Following pressure over its prolonged presence in Russia, Renault has stated that it will sell its majority holding in Avtovaz. The French automaker announced that it will sell its 68 percent stake in Renault Russia to a Russian science institute, while its shares in Renault Russia will be donated to the city of Moscow.
Renault’s Russian assets, according to Moscow, have now become state property.
It is the first time since the invasion of Ukraine that Russia has nationalised a significant international company.
“Agreements were signed on the transfer of Russian assets of the Renault Group to the Russian Federation and the government of Moscow,” Russia’s industry and trade ministry said.
The deal’s financial terms were not disclosed, although Russian Industry and Trade Minister Denis Manturov stated in April that Renault wanted to sell its Russian holdings for “one symbolic rouble.”
Renault Group’s board of directors approved arrangements to sell Renault Russia to the Moscow city body, as well as its 67.69 per cent ownership in Avtovaz to the Russian Central Research and Development Automobile and Engine Institute, according to a statement released Monday (Nami).
Renault’s Moscow plant, Avtoframos, which produces Renault and Nissan vehicles, was also included in the purchase.
The plant’s production will now recommence under the Soviet-era Moskvich name, according to Moscow Mayor Sergei Sobyanin.
Renault boss Luca de Meo said: “Today, we have taken a difficult but necessary decision; and we are making a responsible choice towards our 45,000 employees in Russia, while preserving the group’s performance and our ability to return to the country in the future, in a different context.”
The deal, which Renault estimates will cost €2.2 billion ($2.29 billion), includes a six-year option for the group to purchase back its stake in Avtovaz.
Avtovaz is Russia’s largest automobile manufacturer, producing the popular Lada brand.
Renault stated in March that its Moscow factory would be shut down.
It occurred after Ukrainian President Volodymyr Zelensky demanded that Renault and other French corporations leave Russia, accusing them of “funding the slaughter of women and children.”
Renault’s CEO, Luca de Meo, said the company was making a responsible decision, but how much of a choice did it have?
The corporation hesitated in the early days of the conflict, opting to stay in Russia when other multinational brands left.
However, it halted operations in late March after being named by Ukraine’s President Zelensky, who said that Western corporations in Russia were helping to pay Vladimir Putin’s war.
Renault estimates that abandoning its Russian business will cost $2.3 billion.
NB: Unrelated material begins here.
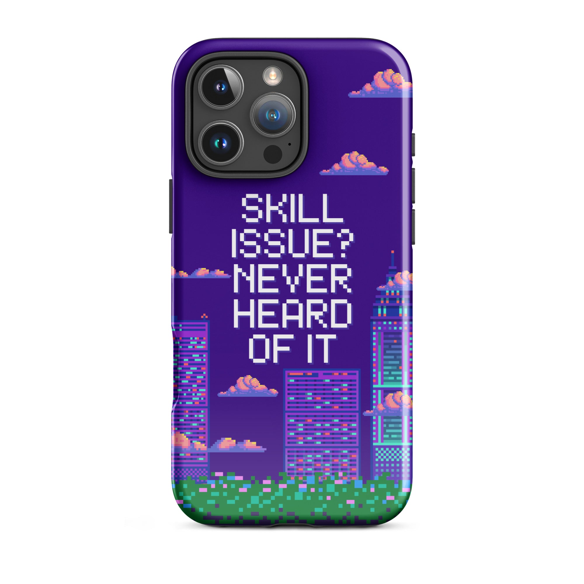 The Skill Issue? Never Heard of It Tough iPhone® Case captures the fearless spirit of gamers through bold pixel art skyscrapers, dreamy clouds, and a striking retro color palette. Its confident phrase is a statement for anyone who dominates the game. This vibrant design blends Gift + Memory. This gift is for gamers who thrive on skill and style, both in-game and in life.

It will lose a significant market that was once considered as a crucial source of growth. It will also lose Lada, a brand that was essential to Renault’s inexpensive car strategy.
Renault may conceivably not stay in Russia. However, it has already suffered significant reputational damage.
Since Russia’s invasion of Ukraine in February, hundreds of worldwide brands, including Starbucks, Coca-Cola, Levi’s, and Apple, have departed the country, with many more considering to sell their enterprises there.
Shell revealed last week that it had agreed to sell over 400 of its petrol outlets in Russia to Lukoil, the country’s second largest oil company.
Moscow has repeatedly warned that it may nationalise idle firms or production lines.